The proposals aim to generate income for the adjacent Brooklyn Bridge Park while preserving and reusing the landmarked 19th century structures.
The designs include retail, office and cultural space, and have built in features like terraced green roofs, glass structures, outdoor decks and restaurants.
On April 19 the Community Advisory Council (CAC) provided feedback to Brooklyn Bridge Park, which is mulling over the proposals. The design firms will remain unnamed so as not to “bias” the process. The park hopes to announce the winning firm sometime this summer.
The seven contiguous buildings at 53-83 Water St. are four and five stories in height. Their brick walls feature distinctive round-arch openings and iron shutters, which can be seen from the Brooklyn Bridge. According to the New York Landmarks Conservancy, architect Thomas Stone constructed them in 1869, with additions in 1885.
The Tobacco Warehouse, a similar landmarked structure just south of the Empire Stores, is also being developed. Rogers Marvel Architects presented to a Community Board 2 subcommittee on April 18 a set of renderings for St. Ann’s Warehouse, a theater to be built inside the structure.
The Tobacco Warehouse was granted to the private St. Ann’s Warehouse theater company as part of a deal that would cede a plot of city-owned land under the Manhattan Bridge in DUMBO to Brooklyn Bridge Park. As part of the arrangement, the Tobacco Warehouse and Empire Stores building were removed from the park.
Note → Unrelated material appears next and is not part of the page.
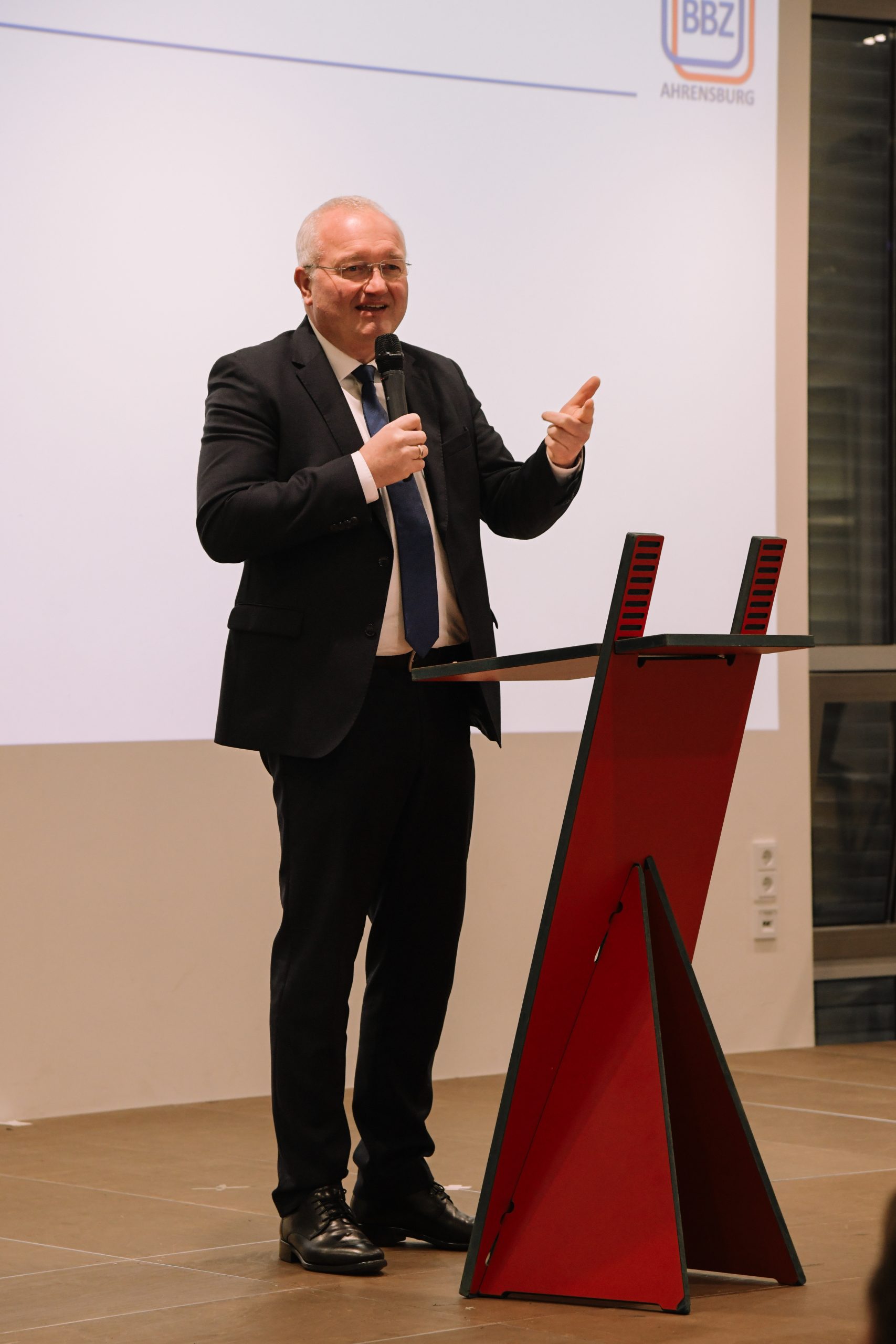Die intensiven Vorbereitungen der beiden letzten Jahre auf Seiten der Schule, der Kreispolitik, dem Kreis Stormarn als Schulträger, dem Schleswig-Holsteinischen Institut für Berufliche Bildung (SHIBB) und dem Bildungsministerium mündeten in einem Festakt, der von Schulleiter Johannes Kahlke eröffnet wurde. Die Umwandlung in ein BBZ ist schon seit einigen Jahren im Gespräch. Vor etwas über zwei Jahren kam das Vorhaben dann ins Rollen, als die Politik und die Schulgemeinschaft ihr Votum dafür ausgesprochen haben. Dasselbe gilt für die Partnerschule in Bad Oldesloe, deren Schulträger ebenfalls der Kreis Stormarn ist. Danach begannen an beiden Standorten die Vorbereitungen für die Umwandlung.

While picturesque, the Empire Stores are in poor condition. According to the Landmarks website, “Its huge scale, limited fenestration, and deteriorated condition pose reuse problems which, thus far have proven insuperable.” In 2004, the Empire State Development Corporation issued a Request for Proposals and received several reuse ideas, but did not designate a developer.
The firms submitting proposals this time around were told that their proposals must preserve and restore the landmarked structure; generate revenue for park maintenance; “activate” the building along with Brooklyn Bridge Park and Water Street frontages; seek “design excellence” for adaptive reuse; and transform the building into a “vibrant destination that complements Park and surrounding areas.”